Wciąż brakuje refundacji nowoczesnych form leczenia AZS w Polsce

Pacjenci zmagający się z atopowym zapaleniem skóry i środowisko lekarskie od lat czekają na refundację skutecznej i bezpiecznej terapii w leczeniu ciężkiego przebiegu AZS. To właśnie ta najciężej chora grupa pacjentów wyczerpała już wszystkie dostępne w Polsce możliwości terapeutyczne, dla nich nie ma już żadnej alternatywy. To oznacza, że na tę chwilę nie mają oni szansy na normalne życie, a ich największym marzeniem jest remisja choroby, choćby bardzo krótka. Nie mogą sobie w tej chwili pozwolić na więcej wiedząc, że jedyna terapia, która mogłaby im pomóc, jest poza ich zasięgiem.

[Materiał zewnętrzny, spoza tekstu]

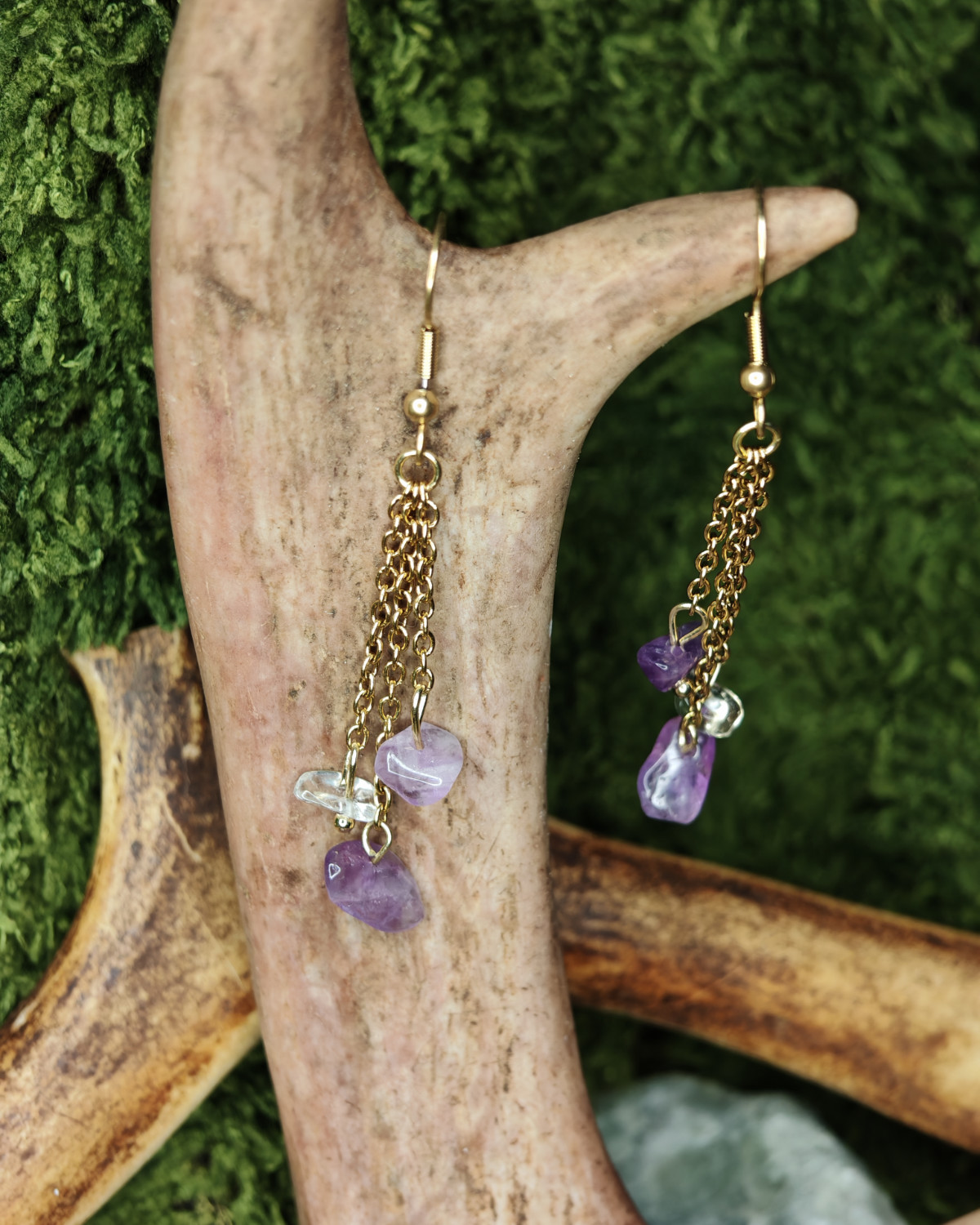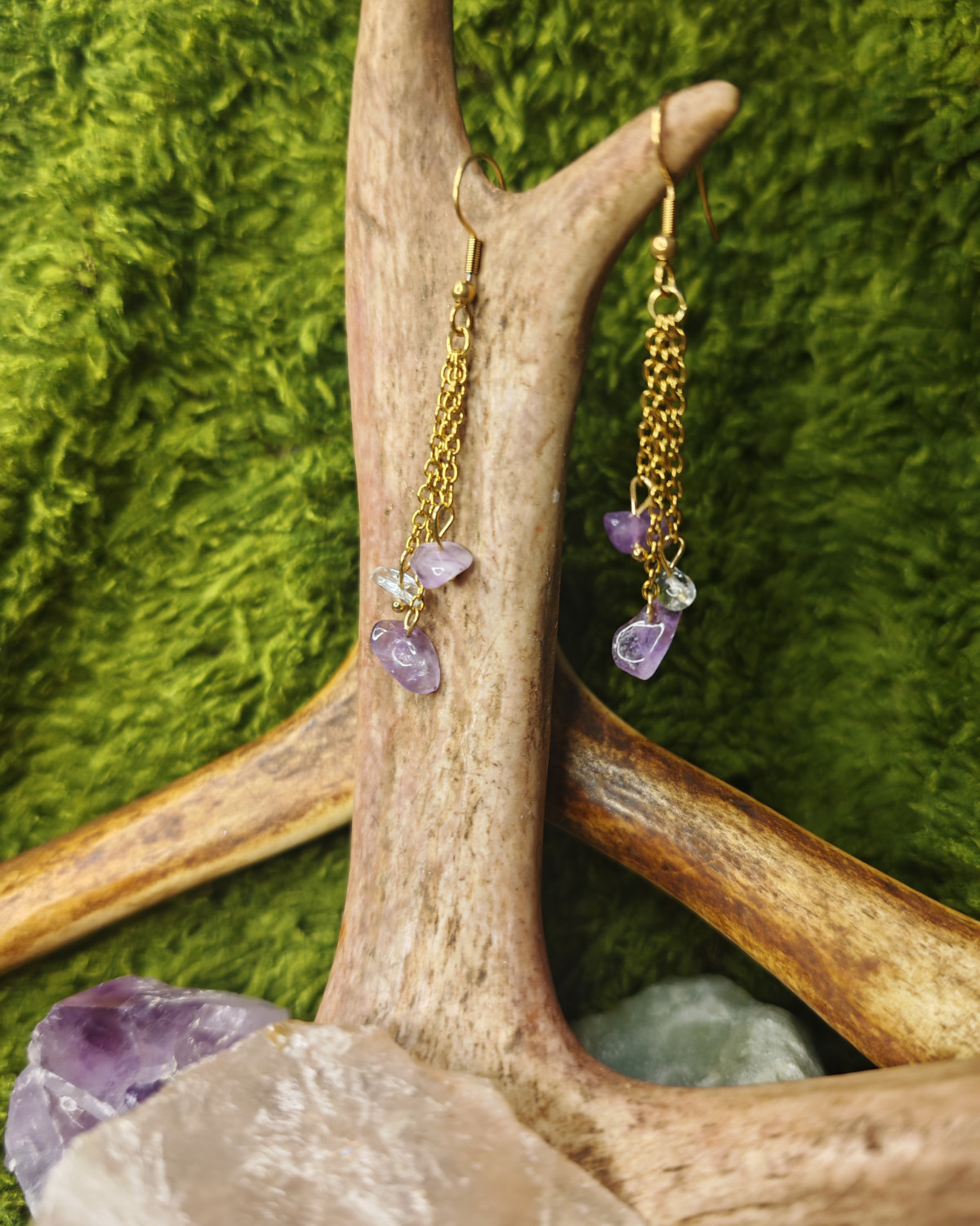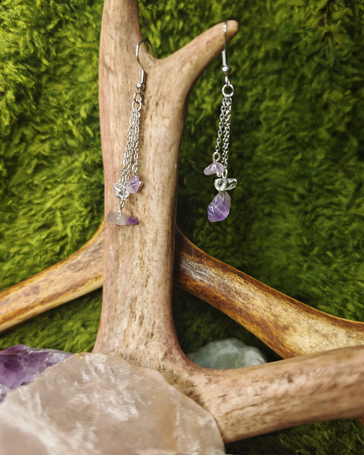 Ametisti: Ametisti on rauhan ja henkisen suojan kivi. Sen violetti hohde puhdistaa mieltä ja sydäntä, vahvistaen yhteyttä korkeampaan tietoisuuteen ja ohjaten kulkijaa kohti sisäistä tasapainoa ja selkeyttä.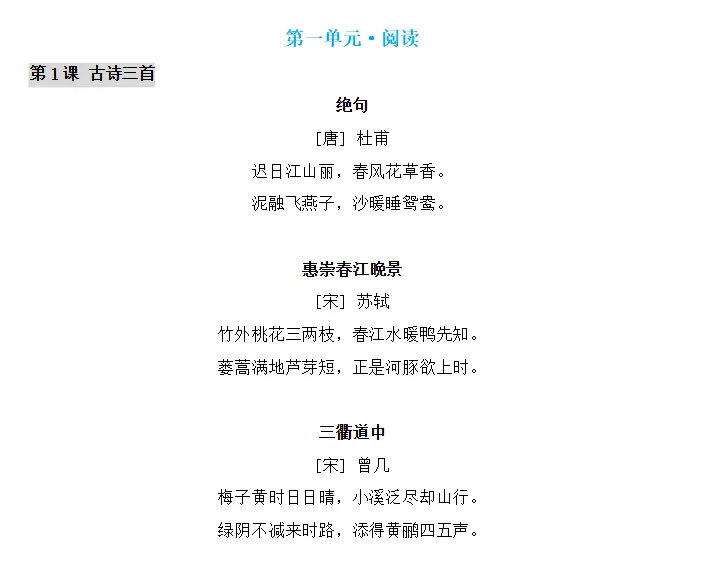 (古诗、课文、日积月累)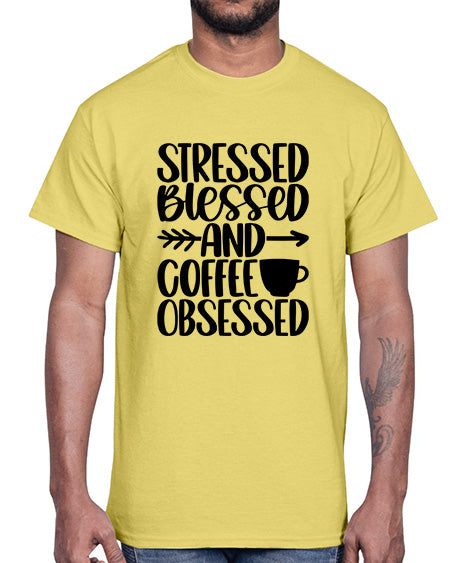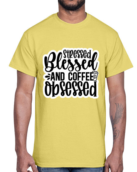 Stressed Blessed and Coffee Obsessed 1582#- coffee- Cotton Tee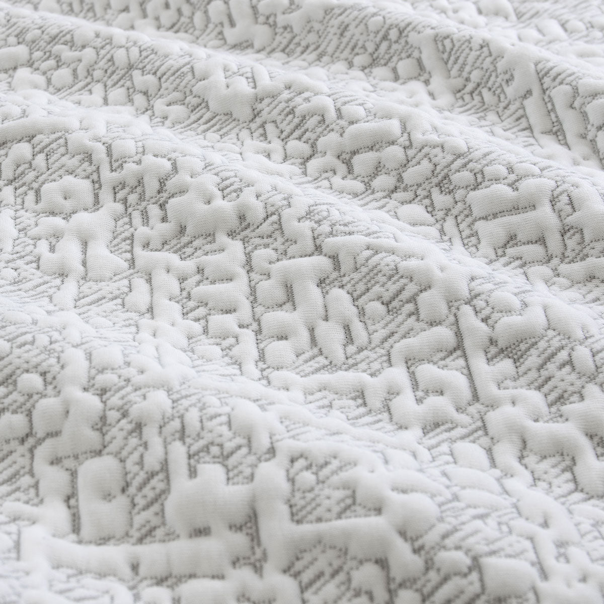 Make a subtle statement with Norfolk White 3 Pcs Embossed Jacquard Comforter Set Queen/King by Ardor. Norfolk's neutral tones paired with a plain antique white reverse will compliment rustic aesthetics bringing an abundance of warmth to your winter abode. It features embossed/quilted pattern in charcoal, grey, silver, and white colour tones. It is made from quality and easy care polyester fabric and polyester for a relaxing sleep all night long.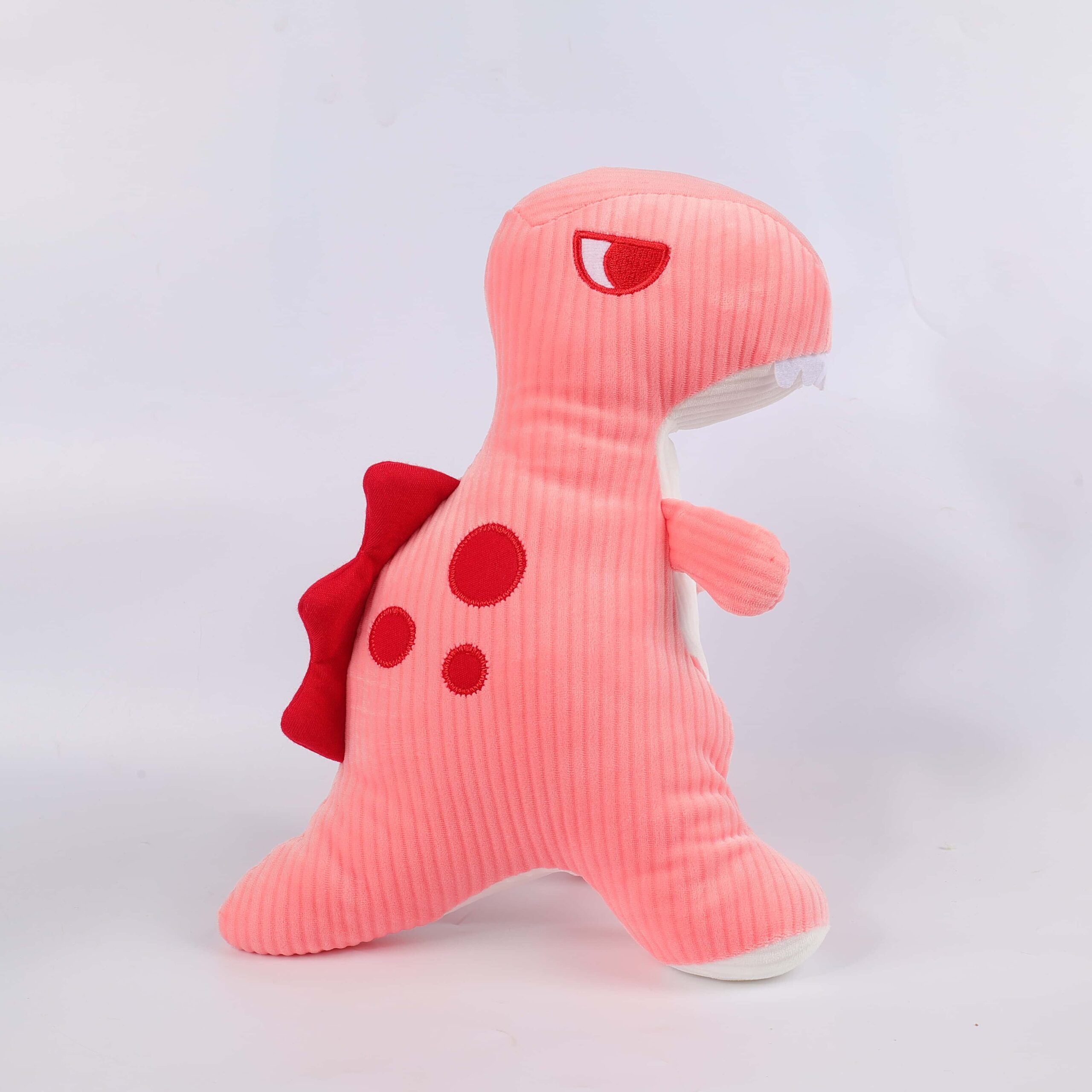 “Rosie the Ribbed Dino,” a plush toy that’s as unique as it is cuddly. Rosie’s soft, ribbed pink fabric is a tactile delight, inviting little hands to explore and snuggle.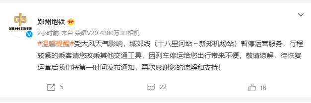 【大河财立方消息】11月7日早间,据郑州地铁官方微博消息,受大风天气影响,11月7日6时起,城郊线(十八里河站-新郑机场站)暂停运营服务,有相关行程计划的乘客建议您改乘其他交通工具,给您出行带来不便,敬请谅解,待恢复运营后将第一时间发布通知。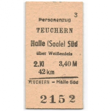 Railway Ticket, Germany, Teuchern - Halle (Saale) Süd, Serial No 2152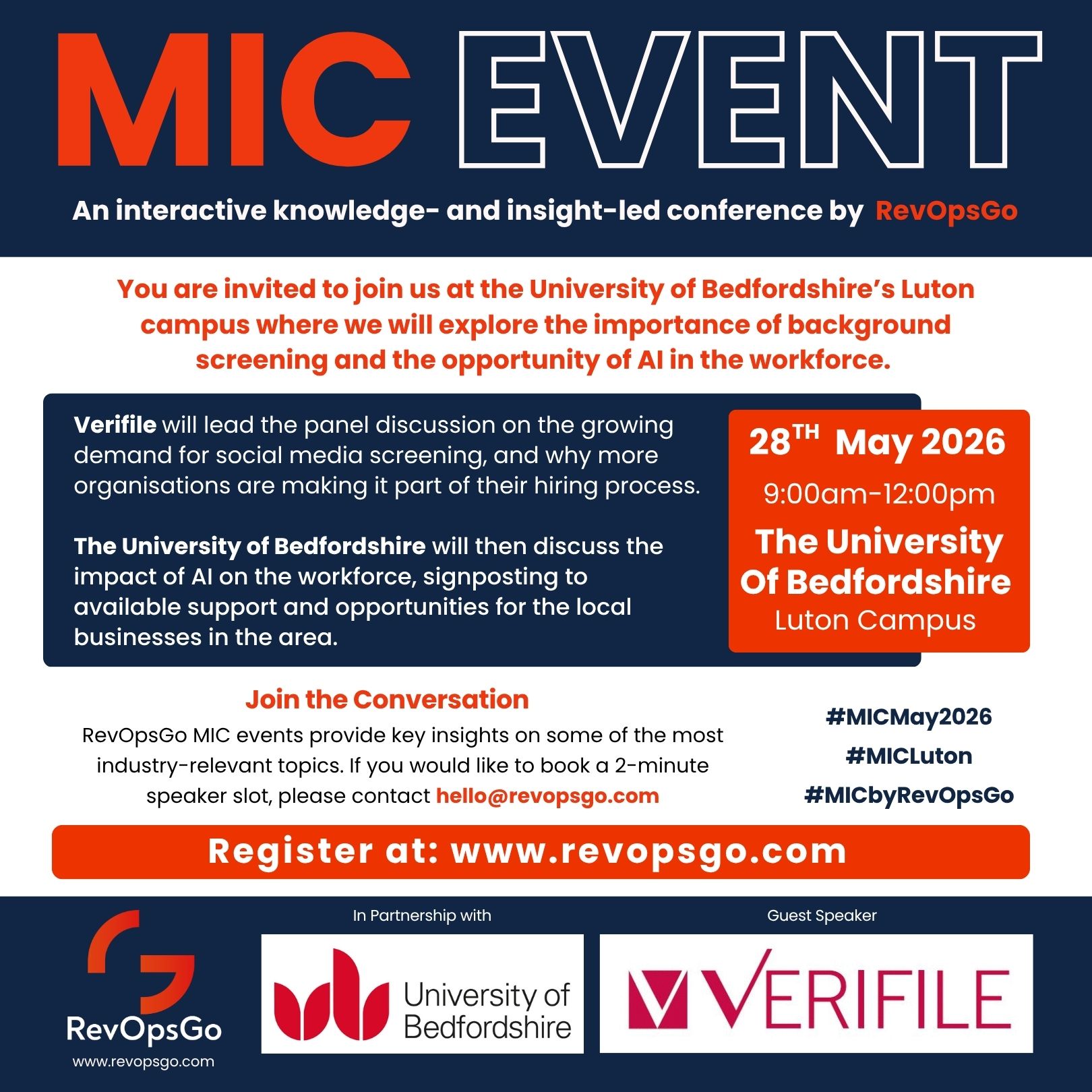 You are invited to join us at the University of Bedfordshire’s Luton campus where we will explore the importance of background screening and the opportunity of AI in the workforce.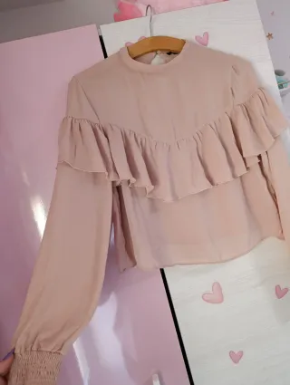 Blusa elegante de manga larga con un diseño de volantes. Color rosa vieja - beige Es cortita y talla amplia, como para una talla L, hay medidas en las fotos..( en la etiqueta marca talla M pero es amplia, comprobar medidas porfavor) - Cuello redondo. - Puños elásticos. - Cierre en la parte trasera.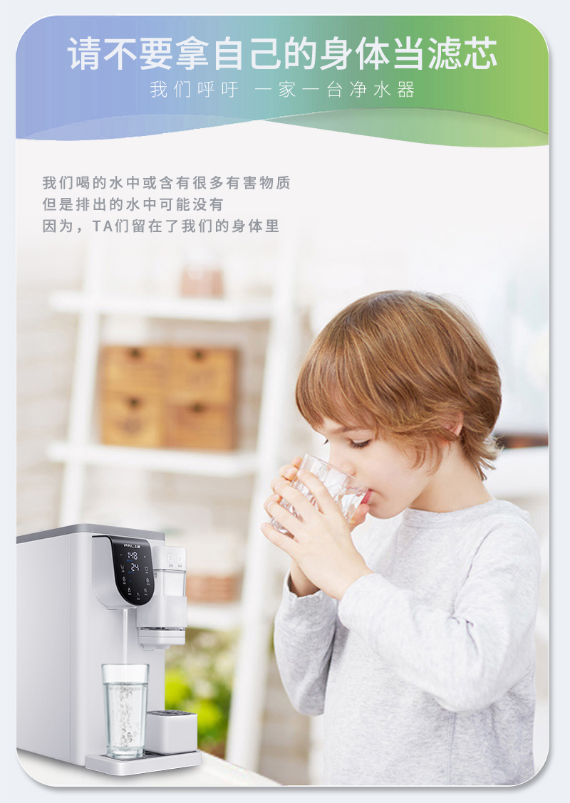 请不要拿自己的身体当滤芯,我们呼吁:一家一台移动水吧!我们喝的水中或含有很多有害物质,但是排出的水中可能没有,因为,TA们留在了我们的身体里。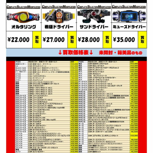 仮面ライダーCSM買取表①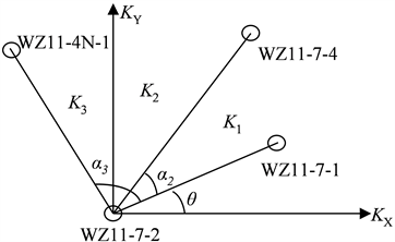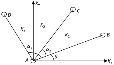 As illustrated in Figure 1, let the angle between the connection direction of well A and well B and the axis of KX be θ, let the angle between the connection direction of well A and well C and be α2, let the angle between the connection direction of well A and well D and be α3, let the permeability between well A and well B, well A and well C, well A and well D be K1, K2, K3 respectively. Then, from the geometric relationship of Figure 1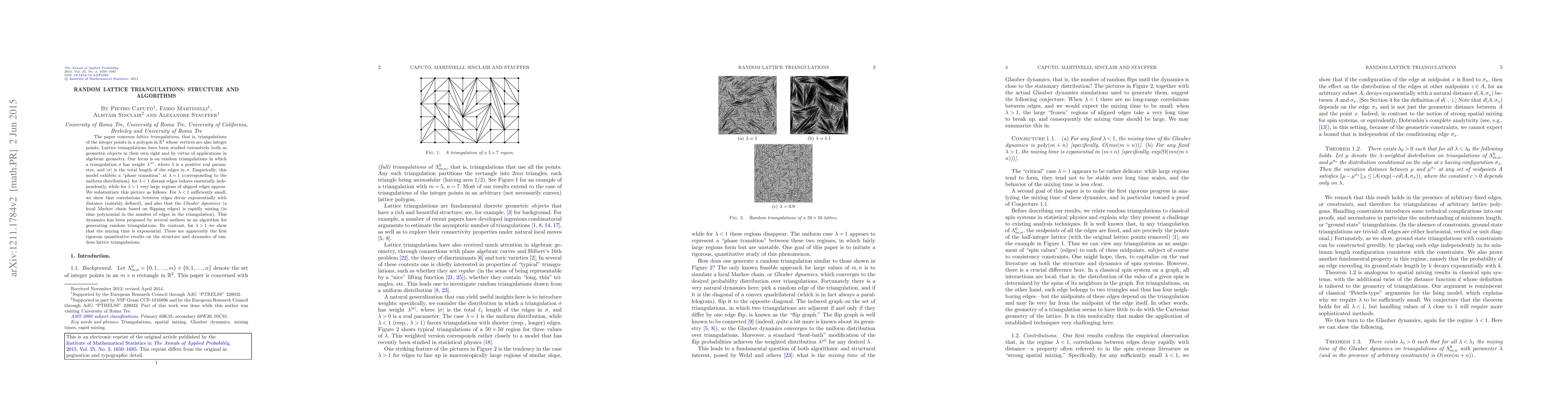 Random lattice triangulations exhibit a phase transition at λ=1, with correlations between edges decaying exponentially for λ<1 and mixing times becoming exponential for λ>1.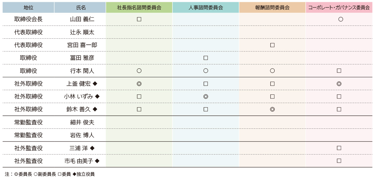 委員長は独立社外取締役とし、委員を独立社外取締役および独立社外監査役ならびに非業務執行社内取締役としております。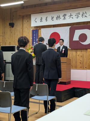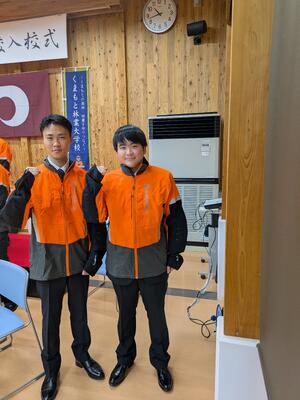 【総合農業科】令和8年度くまもと林業大学校【長期課程】入校式 投稿日時 : 13:45 学校サイト管理者 4月14日(火)、熊本県林業研究・研修センター「森創館」においてくまもと林業大学校の入校式が行われました。3月に総合農業科を卒業した杉本さんと鶴本さんが入校しました。これから約200日間の研修を積み、将来、「山の人材」として、森林・林業の現場での活躍が期待されます。入校生を代表し、杉本さんが、代表宣誓を行いました。(昨年度の中原さんに次ぎ、南稜高校卒業生が2年連続で代表宣誓)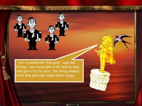 I am covered with fine gold,” said the Prince, “you must take it off, leaf by leaf, and give it to my poor ; the living always think that gold can make them happy.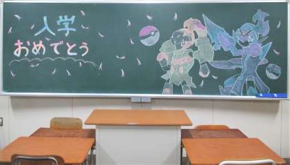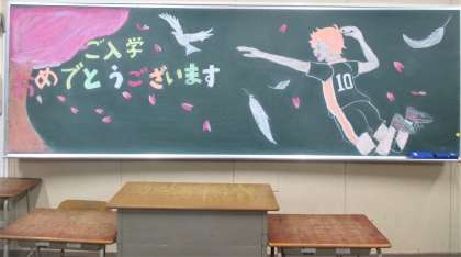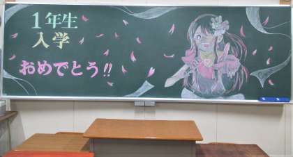 入学式、各学級にあった板書は美術部の作成でした。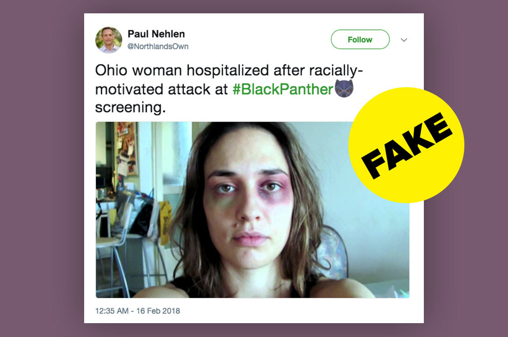 Sur Twitter les fausses nouvelles sur des violences anti-Blancs liées à la diffusion du film «Black Panther» prolifèrent. Chacun y allant de sa (fausse) petite anecdote photos à l’appui pour démontrer que la sortie du film a donné lieu à une violence raciste contre les Blancs.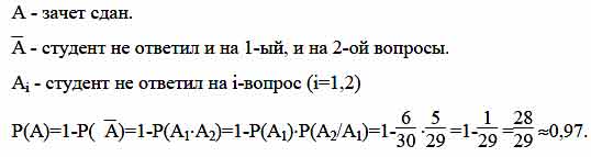 Студент пришел на зачет, зная из 30 вопросов только 24. Какова вероятность сдать зачет, если после отказа отвечать на вопрос преподаватель задает еще только один вопрос?

„Wiemy, że istnieje lek biologiczny, który może pomóc najciężej chorym pacjentom, ale realnie nie mamy do niego dostępu. Włączenie skutecznej terapii biologicznej do programu leczenia jest ogromną szansą dla pacjentów, którzy dziś bardzo cierpią, a lekarze muszą na to cierpienie patrzeć, bo nie mają im do zaoferowania skutecznej terapii” – mówi Hubert Godziątkowski, prezes Polskiego Towarzystwa Chorób Atopowych, który w imieniu pacjentów z AZS zdecydował się wystosować apel do Ministra Zdrowia.

Dupilumab, uznany przez FDA za terapię przełomową, jest pierwszym w Polsce zarejestrowanym lekiem biologicznym w leczeniu atopowego zapalenia skóry. Przez ekspertów został oceniony jako bardzo skuteczny i bezpieczny dla pacjentów. Zarówno środowisko pacjenckie, jak i lekarskie ma nadzieję, że już niebawem pojawi się on w programie lekowym.

Atopowe zapalenie skóry jest przewlekłą, nawrotową i nieuleczalną chorobą. Do jej rozwoju dochodzi wskutek współdziałania czynników genetycznych, środowiskowych, uszkodzenia bariery skórnej i zaburzeń układu immunologicznego. AZS jest związane z szeregiem schorzeń współistniejących i powikłań, do których zalicza się m. in. wyprysk rąk i powiek, częste i nawracające zakażenia skóry (bakteryjne, wirusowe, grzybicze), alergiczny nieżyt nosa, astmę, nietolerancję pokarmową czy choroby oczu, w tym zaćmę oraz zapalenia spojówek i rogówki. Te ostatnie, jeśli mają charakter przewlekły, mogą prowadzić do upośledzenia wzroku.